There is also this guy. You know, the one that is always crazy in a group of people. The one that jokes, has always something fun to say or do. The one that leads the party. I always had a negative view of this kind of person (for whatever reason), but secretly jealoused them for being so extrovert. Last week, I wanted to follow this guy. I sang with him, followed him in whatever funny stuff he tried, and I actually did it without fear. And I never felt that great in my life before. I never felt so free of myself.

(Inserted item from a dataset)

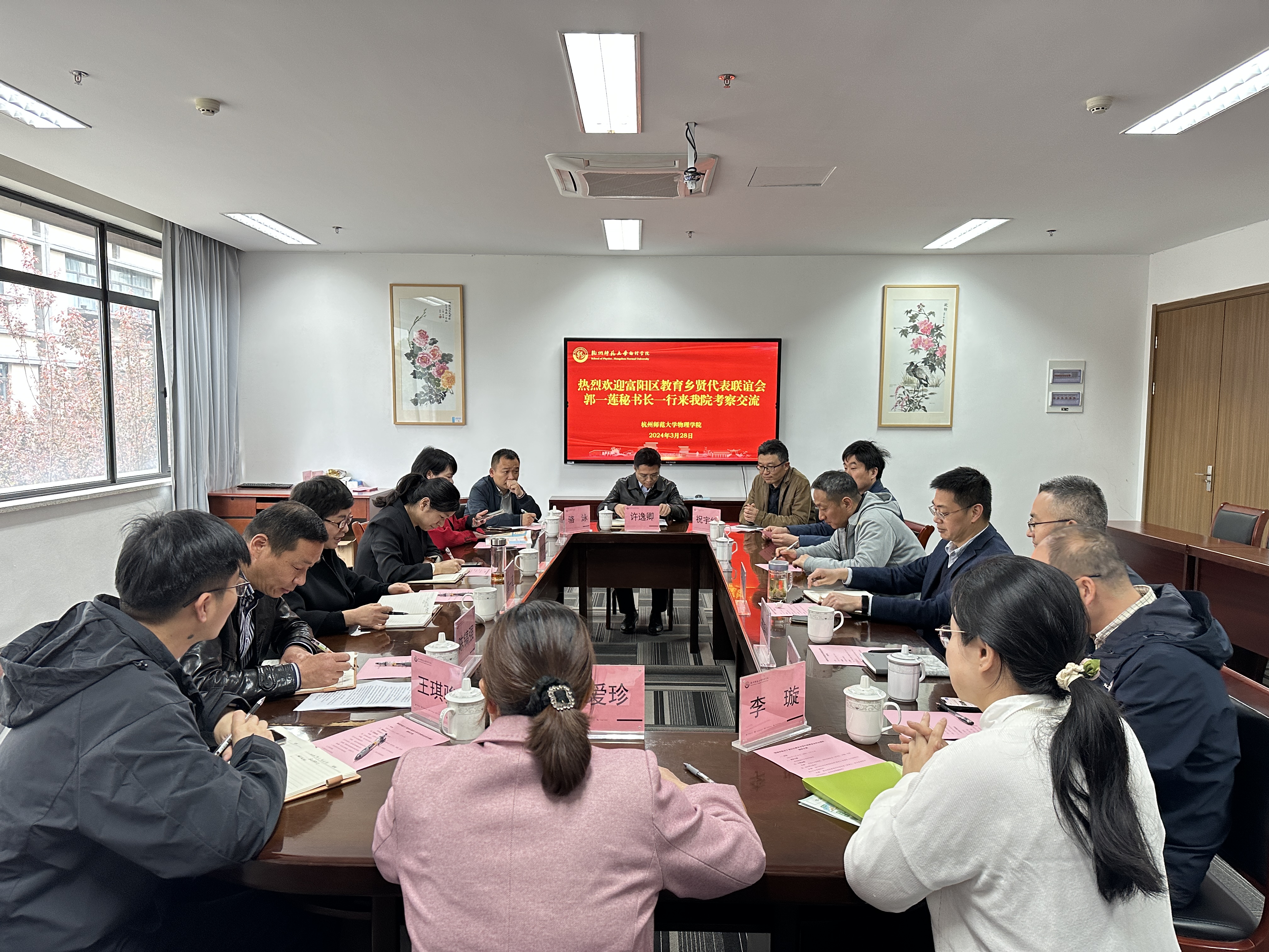 3月28日上午,富阳区教育乡贤代表联谊会秘书长郭一莲、副秘书长唐燕萍,郁达夫中学、富春四小等学校有关负责人一行8人来校调研“高校赋能中小学科学教育”,大米影视 党委书记何军参加调研,院长侯红生、院党委副书记苏晓松、院长助理李玉科等参加座谈。

In my case I started a "cognitive psychotherapy" (I hope the translation is right - I am not a native English speaker). The way it works is that I talk to my therapist about my experiences and about my problems. The therapist does not gives me much counsels nor says what I have to do. When I talk, he just asks some very precise, simple and targeted questions like "why". The first thing that comes to my mind, even if it seems ridiculous or off topic is usually the most interesting one. And by doing that, I discover links between my behaviour and specific past experiences. Links that I wasn't aware of. For every topic we cover, I become conscious of decisions I made long ago and forgot (while still observing it). Most of the time it is from my childhood or teenagerhood, and either from difficult experiences or from the very strict education I received (by-the-way I never thought before that it could have been wrong). What is interesting is that I don't change during the therapy sessions. I actually change between them. Because every time I become aware of those links, I also become free of thinking again about it. I can decide if it was a good choice or not. I can decide to break the pattern or not.

I never felt so happy. I feel so free. It has only been one month. I still have a lot of things to discover about myself, a lot of chains to break. But now I found the path. And I'm definitely going to find where it leads.